2.2.2.2 Hiperkloremia
I. Etiologi
Hyperchloremia adalah kelebihan klorida dalam kompartemen ECF dan
terjadi ketika kadar klorida serum melebihi 108 mEqlL. Penyebab hyperchloremia
termasuk asupan klorida yang berlebih, biasanya berhubungan dengan penggunaan
obat, dan kondisi yang menyebabkan metabolic asidosis dengan kehilangan berlebihan
ion bikarbonat, seperti diare, gagal ginjal, dan administrasi solusi saline isotonik yang
berlebihan (Roberts , 2004).
II. Patofisiologi
Hyperchloremia dapat terjadi dari proses metabolik asidosis. Metabolik
asidosis terjadi karena hasil dari penurunan bikarbonat sehingga menyebabkan kadar
klorida meningkat. Hyperchloremia mungkin juga bisa terjadi dari kelebihan kadar ion
klorida yang dikosumsi atau tertahan dalam tubuh. Kelebihan asupan klorida
menyebabkan ion bikarbonat akan dibuang dalam tubulus ginjal, sehingga kadar
bikarbonat dalam darah berkurang. Kelebihan kadar klorida juga terjadi sebagai akibat
dari pemberian kortison, yang menyebabkan retensi natrium yang mengakibatkan
hilangnya ion bikarbonat seperti diare berat, cedera kepala dan retensi natrium, dan
gagal ginjal akut (Roberts , 2004).
III. Gejala
Ketika klorida didalam tubuh lebih tinggi yang terjadi secara langsung dengan
natrium berlebihan, maka tanda-tanda dan gejala yang berhubungan dengan volume
deficit mendominsa atau hipernatremia terjadi . (Roberts , 2004).
IV. Penatalaksanaan
Pengobatan atau koreksi dari hyperchloremia meliputi identifikasi penyebab
dasar dan koreksi gangguan asam-basa , elektrolit dan ketidakseimbangan cairan.

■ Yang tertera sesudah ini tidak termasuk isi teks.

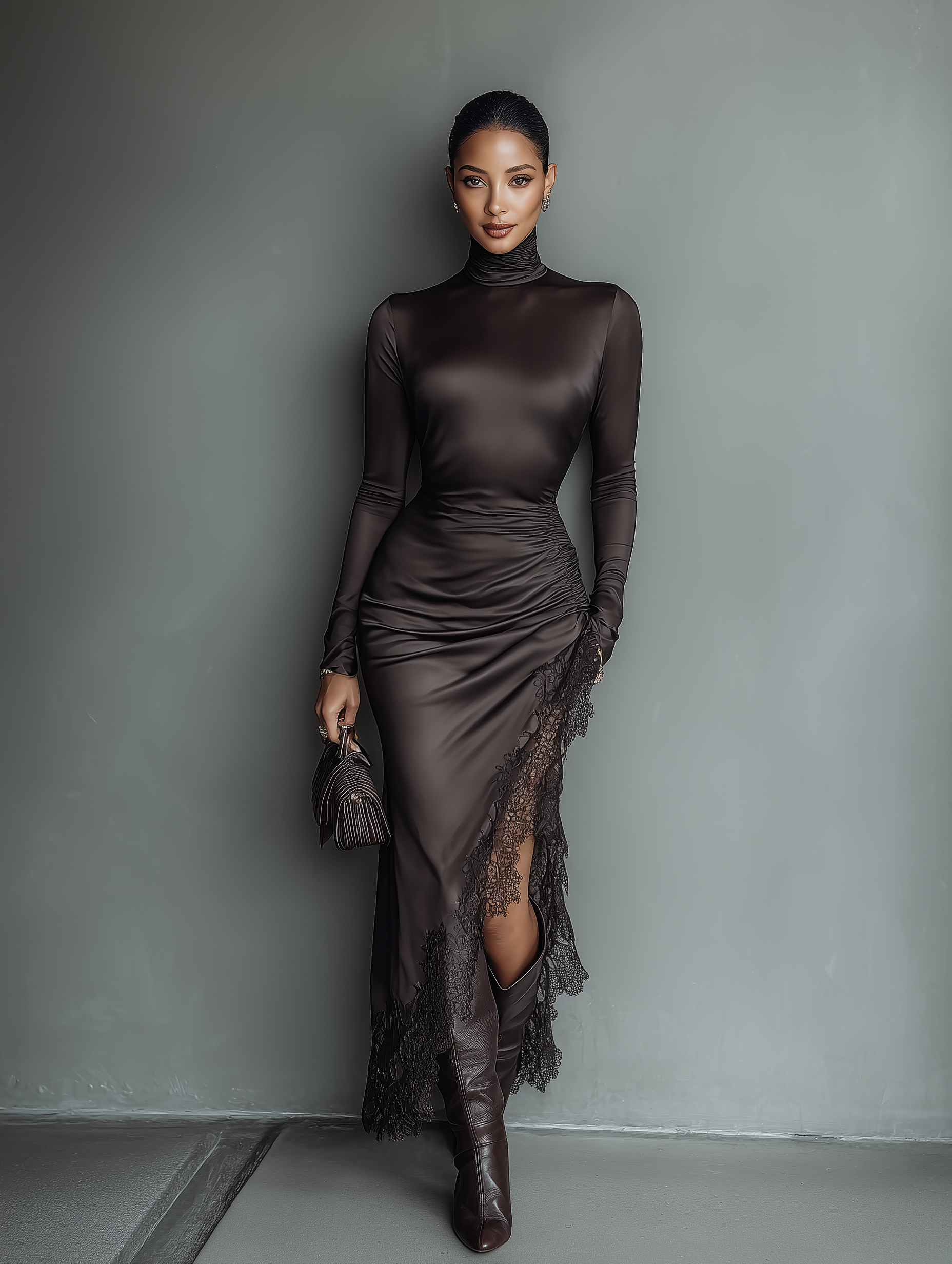 This elegant dark brown maxi dress features a figure-hugging silhouette, soft satin fabric, and delicate lace trim along a dramatic irregular hem. The high neckline and long sleeves balance its bold, sultry style.

Cairan (baik oral atau IV) dapat digunakan untuk mencairkan kelebihan klorida. Dalam
kegawatan darurat, natrium bikarbonat dapat diberikan untuk mengoreksi metabolik
asidosis. Diuretik mungkin digunakan untuk mengeksresi klorida, serta natrium yang
berlebihan (Roberts , 2004).
DAFTAR PUSTAKA
1. Hines & Marschall, 2008. Stoelting's Anesthesia and Co-Existing Disease, fifth
edition.Churchill Livingstone Elsevier. Chapter 15.
2. Kathryn E. Roberts , 2004. Fluid and Electrolyte Regulation ,Edisi ke-3.Bab 11
3. Kristen M. Rhoda, 2011 .Fluid and Electrolyte Management : Putting a Plan in Motion JPEN
J Parenter Enteral Nutr 35: 675
4. Marino, Paul L., 2007. The ICU book, third edition. Lippincott Williams and Wilkins. Chapter 33.
5. Morgan Jr., G. Edward, Mikhail, Maged S., Murray, Michael J. 2006. Clinical Anesthesiology, 4th
edition. McGraw-Hill companies. Chapter 28.